NOTES TO CONSOLIDATED FINANCIAL STATEMENTS

(unaudited)

 

 

1. Nature of Business

REGENXBIO Inc. (the Company) is a leading clinical-stage biotechnology company seeking to improve lives through the curative potential of gene therapy. The Company’s proprietary adeno-associated virus (AAV) gene delivery platform (NAV Technology Platform) consists of exclusive rights to over 100 novel AAV vectors, including AAV7, AAV8, AAV9 and AAVrh10. The Company’s NAV® Technology Platform is being applied by the Company, as well as by third-party licensees (NAV Technology Licensees), in the development of product candidates for a variety of diseases with unmet needs. The Company was formed in 2008 in the State of Delaware and is headquartered in Rockville, Maryland.

Liquidity and Risks

In August 2018, the Company completed a follow-on public offering of 3,105,000 shares of its common stock (inclusive of 405,000 shares pursuant to the full exercise by the underwriters of their option to purchase additional shares) at a price of $65.00 per share. The aggregate net proceeds received by the Company from the offering, inclusive of the underwriters’ option exercise, were $189.1 million, net of underwriting discounts and commissions and offering expenses payable by the Company.

As of September 30, 2018, the Company had generated an accumulated deficit of $87.3 million since inception. As the Company has incurred cumulative losses since inception, transition to recurring profitability is dependent upon the successful development, approval and commercialization of its product candidates and achieving a level of revenues adequate to support the Company’s cost structure. The Company may never achieve recurring profitability, and unless and until it does, the Company will continue to need to raise additional capital. As of September 30, 2018, the Company had cash, cash equivalents and marketable securities of $474.9 million, which management believes is sufficient to fund operations for at least the next 12 months from the date these consolidated financial statements were issued.

The Company is subject to risks common to companies in the biotechnology industry, including, but not limited to, development by the Company or its competitors of technological innovations, risks of failure of clinical trials, dependence on key personnel, protection of proprietary technology, compliance with government regulations and ability to transition from clinical manufacturing to the commercial production of products.

 

 

2. Summary of Significant Accounting Policies

Basis of Presentation and Principles of Consolidation

The accompanying consolidated financial statements are unaudited and have been prepared in conformity with accounting principles generally accepted in the United States of America (GAAP). Any reference in these notes to applicable guidance is meant to refer to the authoritative GAAP as found in the Accounting Standards Codification (ASC) and Accounting Standards Update (ASU) of the Financial Accounting Standards Board (FASB). The interim unaudited consolidated financial statements have been prepared on the same basis as the annual audited consolidated financial statements as of and for the year ended December 31, 2017 included in the Company’s Annual Report on Form 10-K for the year ended December 31, 2017, which was filed with the SEC on March 6, 2018. Certain information and footnote disclosures required by GAAP which are normally included in the Company’s annual consolidated financial statements have been omitted pursuant to SEC rules and regulations for interim reporting.

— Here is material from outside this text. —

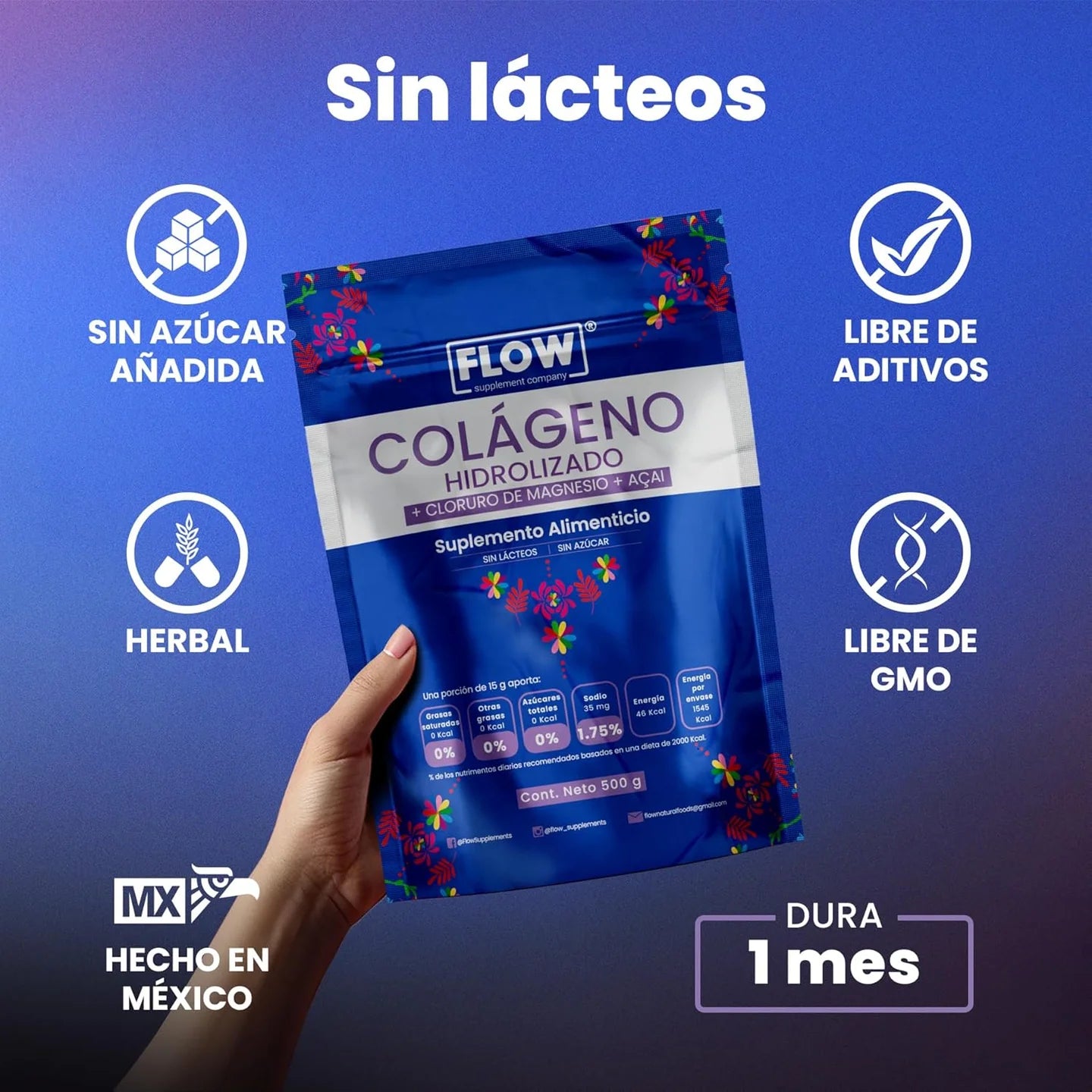 Colágeno Hidrolizado + Cloruro de Magnesio + Acaí 15g de Flow Supplements | Fortalece huesos y articulaciones, apoyando la función muscular | Polvo de 500g

In the opinion of management, the accompanying consolidated financial statements reflect all adjustments, which include all normal and recurring adjustments necessary for the fair statement of the Company’s financial position as of September 30, 2018, and the results of its operations and its cash flows for the interim periods ended September 30, 2018 and 2017.

The results of operations for the interim periods are not necessarily indicative of the results of operations to be expected for the full year, any other interim periods, or any future year or period. These interim consolidated financial statements should be read in conjunction with the audited consolidated financial statements as of and for the year ended December 31, 2017, and the notes thereto, which are included in the Company’s Annual Report on Form 10-K.

The accompanying consolidated financial statements include the accounts of the Company and its wholly owned subsidiaries. All intercompany balances and transactions have been eliminated in consolidation.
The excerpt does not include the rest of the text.